- _ASSIGNED TASK_:
Reproduce exactly the lines of this material that begin at the line with "4 MUGS EN FAïENCE, DéCOR FRUITS" and end at the line with "13 in. W x 31", both included. Omit the pictures and everything else.

- _MATERIAL PROVIDED_:
========
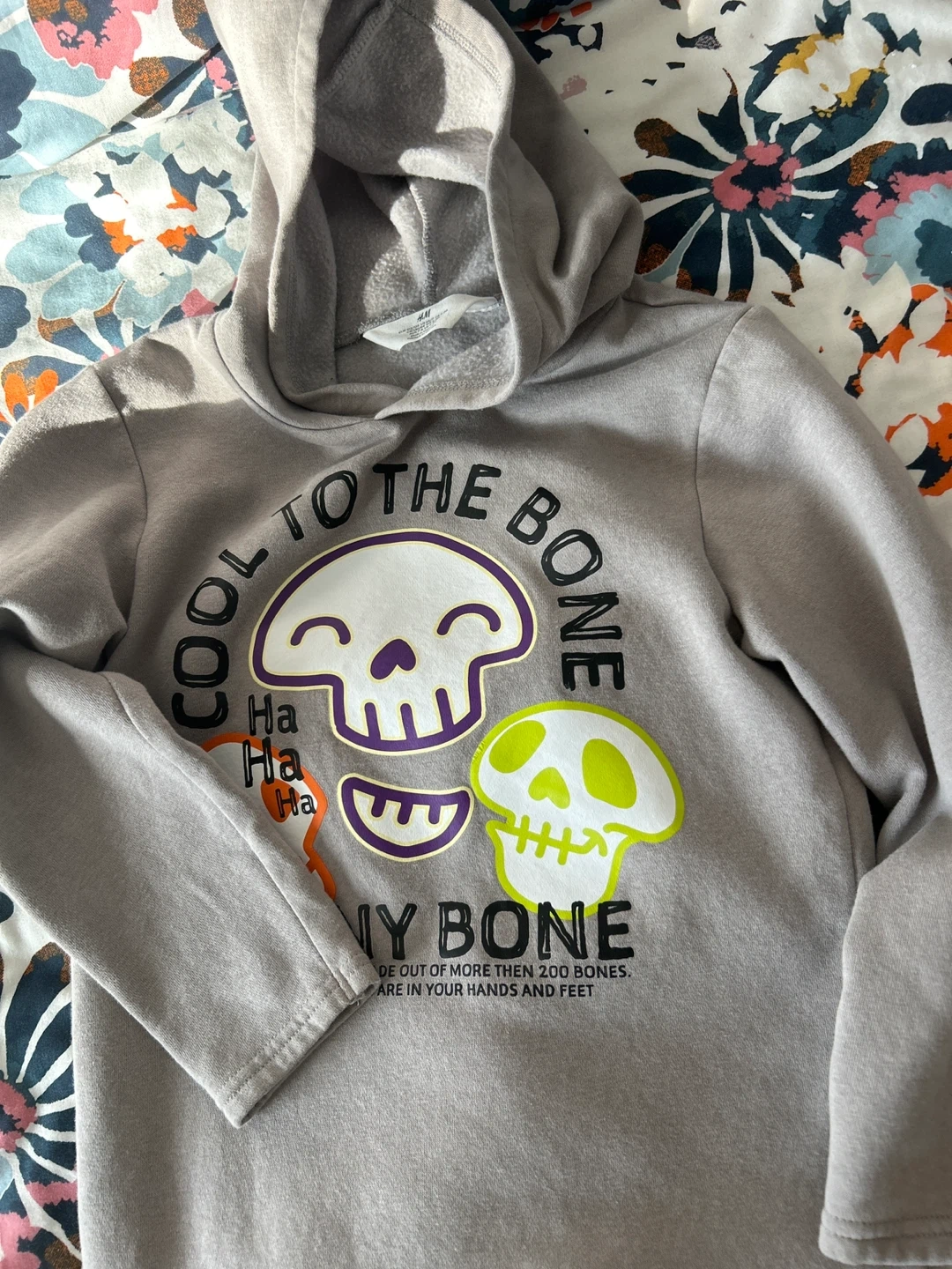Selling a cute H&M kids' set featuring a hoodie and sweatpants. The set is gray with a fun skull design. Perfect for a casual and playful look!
========
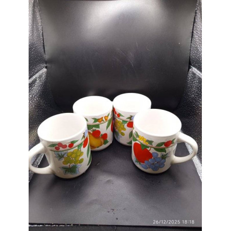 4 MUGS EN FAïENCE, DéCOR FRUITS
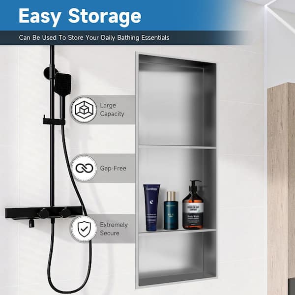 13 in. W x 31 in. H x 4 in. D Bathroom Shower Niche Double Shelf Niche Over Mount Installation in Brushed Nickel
========
- _ANSWER SECTION_:
 4 MUGS EN FAïENCE, DéCOR FRUITS
 13 in. W x 31 in. H x 4 in. D Bathroom Shower Niche Double Shelf Niche Over Mount Installation in Brushed Nickel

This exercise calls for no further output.